К тому же он был боров и редко когда проигрывал. Лиза же дралась умом и, так или иначе, всегда уступала. Целью её борьбы была обыкновенная справедливость, а та, словно гамак в пустой каюте, болталась и не давалась. Вероятно, Берковиц и вправду была дурой, а добавленной стоимостью применительно к её борьбе являлась земля-матушка.

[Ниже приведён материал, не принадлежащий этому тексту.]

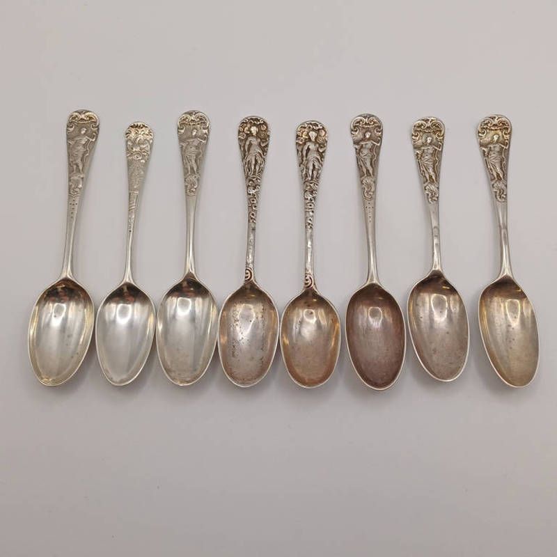 Matched set of 8 georgian silver teaspoons with picture back and with stem decoration, various marks - weight 117 grams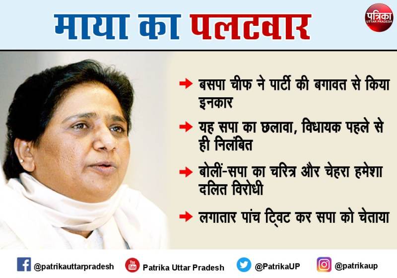 सपा की पोल खोली :- बहुजन समाज पार्टी सुप्रीमो मायावती ने बुधवार को अपने ट्विट पर सपा की पोल खोलते हुए लिखा कि, इन विधायकों को काफी पहले ही सपा व एक उद्योगपति से मिलीभगत के कारण राज्यसभा के चुनाव में एक दलित के बेटे को हराने के आरोप में बीएसपी से निलम्बित किया जा चुका है।
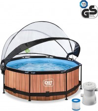 Freizeitpool Gartenpool Holzpool mit multifunktionaler Abdeckung Ø 300 x 76 cm runder Rahmenpool mit Kartuschenfilterpumpe einfacher Zugang stabiler Rahmen für sauberes und warmes Poolwasser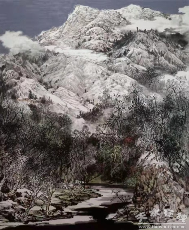 張聽(tīng)雨《山頂積雪野梅香》200x200cm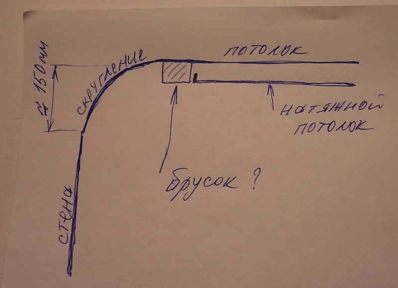 Как сделать натяжной потолок в квартире со скруглениями при переходе стен в потолок, чтобы не потерять сильно в высоте? Возможно по периметру пустить какой-нибудь «брусок» и внутри периметра установить полотно. Можно как-то потом этот брусок закрыть или декорировать?

Помимо биржевых новостей и сентиментального объявления к доске был прикреплён календарь за 2004 год. Матерь божья, мелькнула мысль. Календарь истрепался от времени и вызывал тоску. «Да это корабль-призрак», – подумала Лиза и в целом угадала. Два или три десятка дат в календаре были обведены кружками и заштрихованы. Лодка словно болталась в закрытой акватории. Из кружков исходили стрелки с комментариями. В основном они касались человеческих отношений – отчасти любовных и преимущественно утраченных.
Выцветший календарь и в самом деле производил впечатление корабля-призрака. Давно пережив заштрихованные кружки и понимая, что лучше уже не будет, люди всё равно тянули стрелки всё дальше и дальше. Время, таким образом, являлось добавленной стоимостью их любви. «Скорей бы уже высадиться где-нибудь, – думала Лиза. – Да где ж тут высадишься?»
В этом месте Джони делает отступление и завершает фрагмент повествованием от первого лица. Митя обрадовался. Он будто вновь услышал давно позабытый Джонин голос.
«Еле продвигаясь в своём троллейбусе из-за нагромождения машин, – пишет он, – мне, как и Лизе Берковиц, хотелось поскорей выйти на улицу, но я не мог. Кругом, казалось, катились волны. Закончив накануне рассказ о постсоветском Понте, из головы не выходила водная гладь. “Блядь”, – ругался я, но это не помогало. То опускались сумерки, то занимался рассвет, и не было никакой возможности высадиться и пойти наконец пешком. Тогда-то мне и пришла мысль об инопланетянах.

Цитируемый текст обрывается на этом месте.